Матиас вздохнул, потом сказал, что не уверен, следует ли передавать дело Холлуэя в комиссию. Хотя рецепт-код и был введен, последствия обратимы. А то, что он взбунтовал больных, свидетельствует скорее о его невменяемости, чем о преступном умысле. «В конце концов, — добавил он после заминки, — неизвестно, поступил бы я сам на его месте лучшим образом, если бы у меня, как у Холлуэя в прошлом году, скончалась жена от саркомы. Надо учесть, что и мать Холлуэя умерла от рака желудка. Детей он не имел, а жена его…»
— Вы так защищаете его, словно это ваш друг, — заметил я.
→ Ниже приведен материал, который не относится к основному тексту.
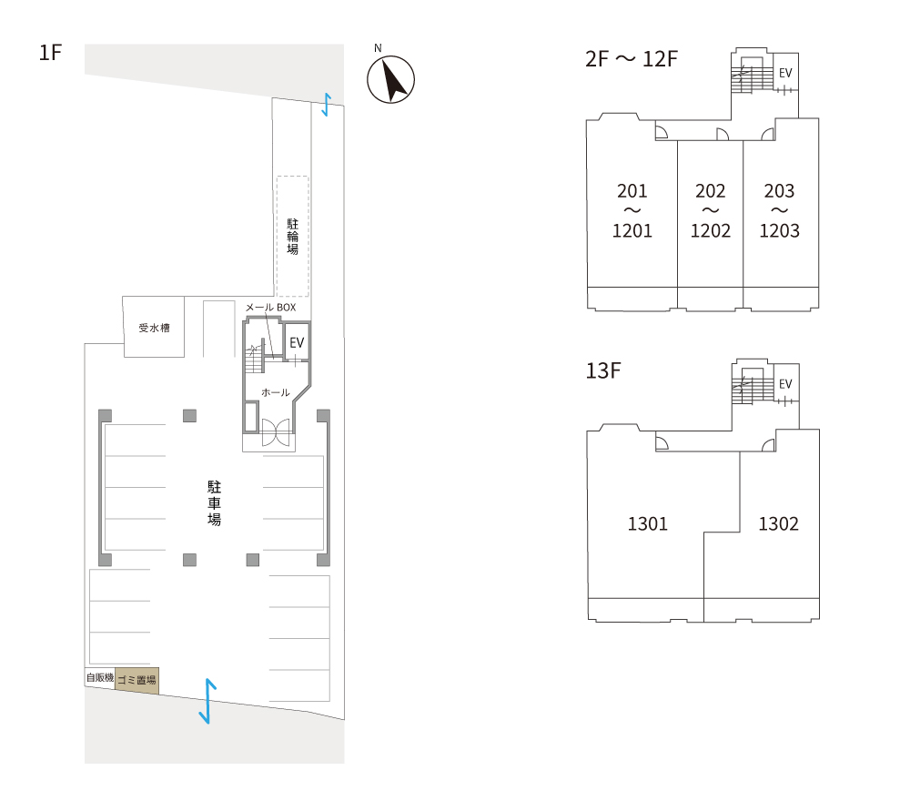 マンションの1Fが駐車場になっています。月額13,200円(税込)です。※空き状況はお問い合わせ下さい。

— А он и есть мой друг, — с некоторым удивлением ответил Матиас. — Разве вы не помните? Рэймонд Холлуэй, мой третий заместитель…
Я молчал.
— В конце концов я выполняю свой долг, — продолжал Матиас, — а если Рэймонд пошел на преступление, то, очевидно, полагая, что исполняет свой. И я не знаю…
Он прервал себя, глянул вбок, поднял брови и, сказав «хорошо», повернулся ко мне.
— Извините, Эннеси, удалось связаться с Холлуэем.
— Подключите и меня.
«Дэниел, ты меня слышишь?.. Я на самом верху… Ты слышишь?..»
Окна и этажи слились в полосу, объектив дернулся вверх, к крыше. Там, у самой кромки, стоял высокий худой человек, державшей в руке коробку транслятора.
«Дэниел, ты меня слышишь? — продолжал звенящий от напряжения голос. — Ты меня слышишь?..» «Я вижу и слышу тебя, Рэймонд, — ответил голос Матиаса, — но мне хотелось бы поговорить с тобой в более подходящей обстановке». «Дэниел, будь ты проклят, Дэниел!»
Лица Холлуэя не было видно, солнце за его спиной било в объектив. Его темная фигура выпрямилась, он отшвырнул коробку транслятора и, широко раскинув руки, качнулся вперед…
Я закрыл глаза.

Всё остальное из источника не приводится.